Die Gewinnerin der Top-100-Start-ups der Schweiz 2018 heisst – zum zweiten Mal in Folge – Ava. Am Mittwochabend verlieh das Venturelab des Instituts für Jungunternehmen in der Zürcher Maag-Halle zum siebten Mal den Top 100 Swiss Start-up Award.

Die Gewinnerin, das Zürcher Start-up Ava, vertreibt seit 2014 ein Zyklusarmband, das im Schlaf unterschiedliche Körperwerte misst und damit den weiblichen Zyklus berechnet. Dass das Start-up bereits zum zweiten Mal das Ranking der 100 besten Jungfirmen der Schweiz anführt, hat seine Gründe: Das Team um Gründerin Lea von Bidder hat seit dem Start 42,3 Millionen Dollar Finanzierungsgelder akquiriert, 70 Arbeitsplätze geschaffen und ein Zweitbüro in San Francisco ins Leben gerufen. Von Bidder erhielt zudem einen Platz auf der Forbes-Liste «30 under 30», welche die weltweit innovativsten Jungunternehmer kürt. «Der Gewinn der Top-100-Auszeichnung im Jahr 2017 gab uns zusätzlichen Schub, der zu unserem fantastischen Wachstum in den letzten zwölf Monaten substanziell beigetragen hat», wird Ava-Mitgründer Pascal König in einer Mitteilung zitiert.

Fünf weitere Start-ups aus dem Raum Zürich haben es unter die ersten zehn Ränge geschafft. Dazu gehören die Jungfirma Cutiss, die künstliche Menschenhaut züchtet, sowie Visantis, die Arzneimittel und Diagnosemethoden für Patienten mit Lebererkrankungen entwickelt. Auch das Start-up Piavita gehört zu den zehn besten Jungfirmen. Die Piavita-Gründer haben einen Sensor entwickelt, der die Fernüberwachung von Pferden ermöglicht. Die Fintech-Firma Advanon gehört mit ihrem Online-Finanzierungstool für KMUs ebenfalls zu den besten Schweizer Start-ups.

Auf einen Aspekt weisen die Veranstalter bei der diesjährigen Preisverleihung explizit hin. Es geht um die weiblichen Gründungsmitglieder von Start-ups. Neben Ava sitzen auch bei Cutiss, Visantis und Piavita Frauen in den Gründungs- und Führungsgremien der Firmen. Insgesamt 28 der 100 besten Start-ups verfügen über weibliche Management-Mitglieder.

Zwei Top-Firmen im Limmattal

Knapp die Hälfte der im Ranking vertretenen Jungfirmen stammen in diesem Jahr aus dem Kanton Zürich. Zwei davon haben ihren Sitz im Limmattal. Die Firma Komed Health aus Schlieren belegt mit ihrer Software zur Verbesserung der klinischen Kommunikation Platz 70 des Start-up-Rankings.

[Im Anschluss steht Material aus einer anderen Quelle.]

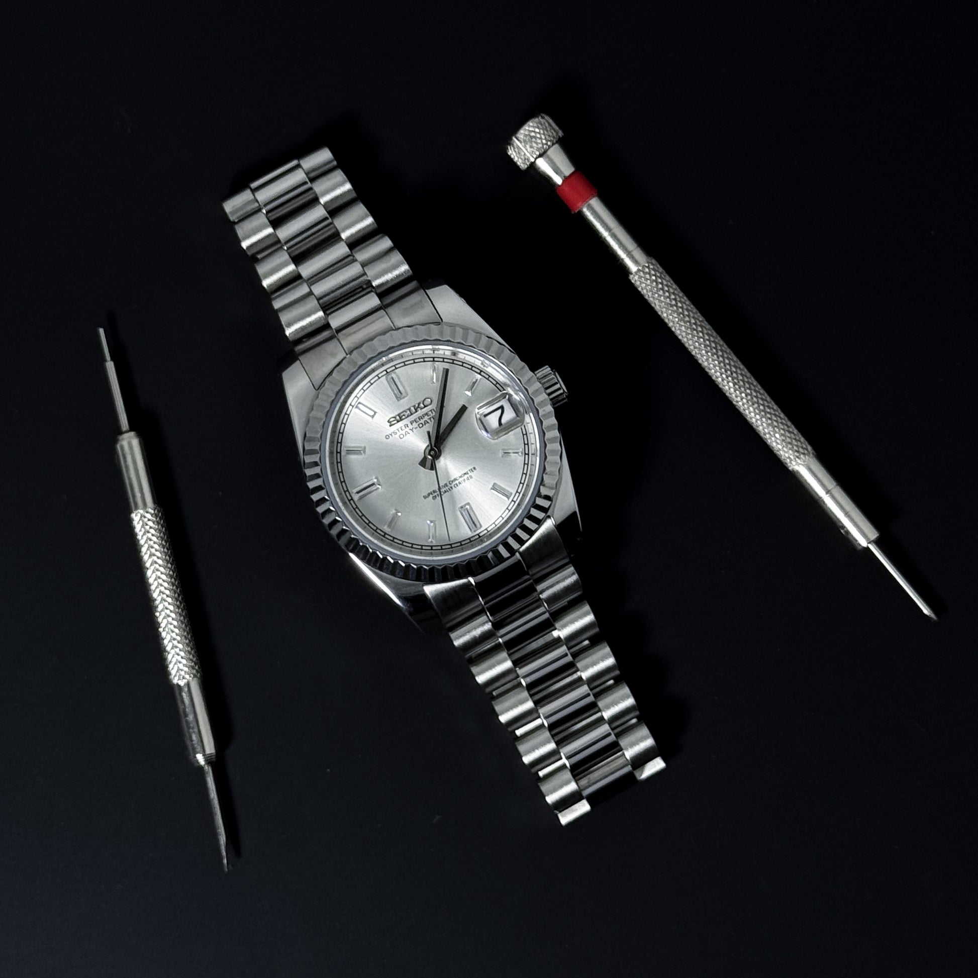 DATEJUST SILVER CRYSTALS - CUSTOM SEIKO NH35 AUTOMATIC WATCH

Ebenfalls aus Schlieren ist das Start-up Topadur Pharma. 2018 ist die Firma mit ihren für chronische Wunden entwickelten Medikamenten auf Platz 92 gelandet. Sie hat im Vergleich zum Vorjahr vier Ränge eingebüsst. Von den übrigen Start-ups stammen 24 Jungfirmen aus dem Kanton Waadt. Es folgen der Kanton Zug mit 8 Jungfirmen. Basel-Stadt sowie Bern sind mit je 5 Firmen auf der Liste vertreten.

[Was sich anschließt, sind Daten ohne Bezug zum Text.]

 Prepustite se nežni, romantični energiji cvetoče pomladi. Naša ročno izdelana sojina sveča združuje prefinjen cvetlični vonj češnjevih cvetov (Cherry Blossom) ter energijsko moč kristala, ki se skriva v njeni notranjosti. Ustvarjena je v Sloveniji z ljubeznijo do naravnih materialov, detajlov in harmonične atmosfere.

Rekordjahr für Investitionen

Die Veranstalter sind zufrieden mit der Auswahl. Sie bescheinigen dem «Schweizer Start-up-Ökosystem» einen guten Stand. «Wachstumskapital explodiert gerade in der Schweiz. 2018 wird ein Rekordjahr für Investments», wird Jordi Montserrat, Mitgründer von Venturelab, in der Mitteilung zitiert. Als Beispiel wird auf acht Start-ups verwiesen, die in den letzten Monaten 270 Millionen Franken an Investitionsgeldern erhalten hätten. Die Vertreter von Venturelab werten Kapital dieser Grössenordnung als internationale Konkurrenzfähigkeit für junge, innovative Firmen. Dies komme auch der Schweizer Industrie zugute.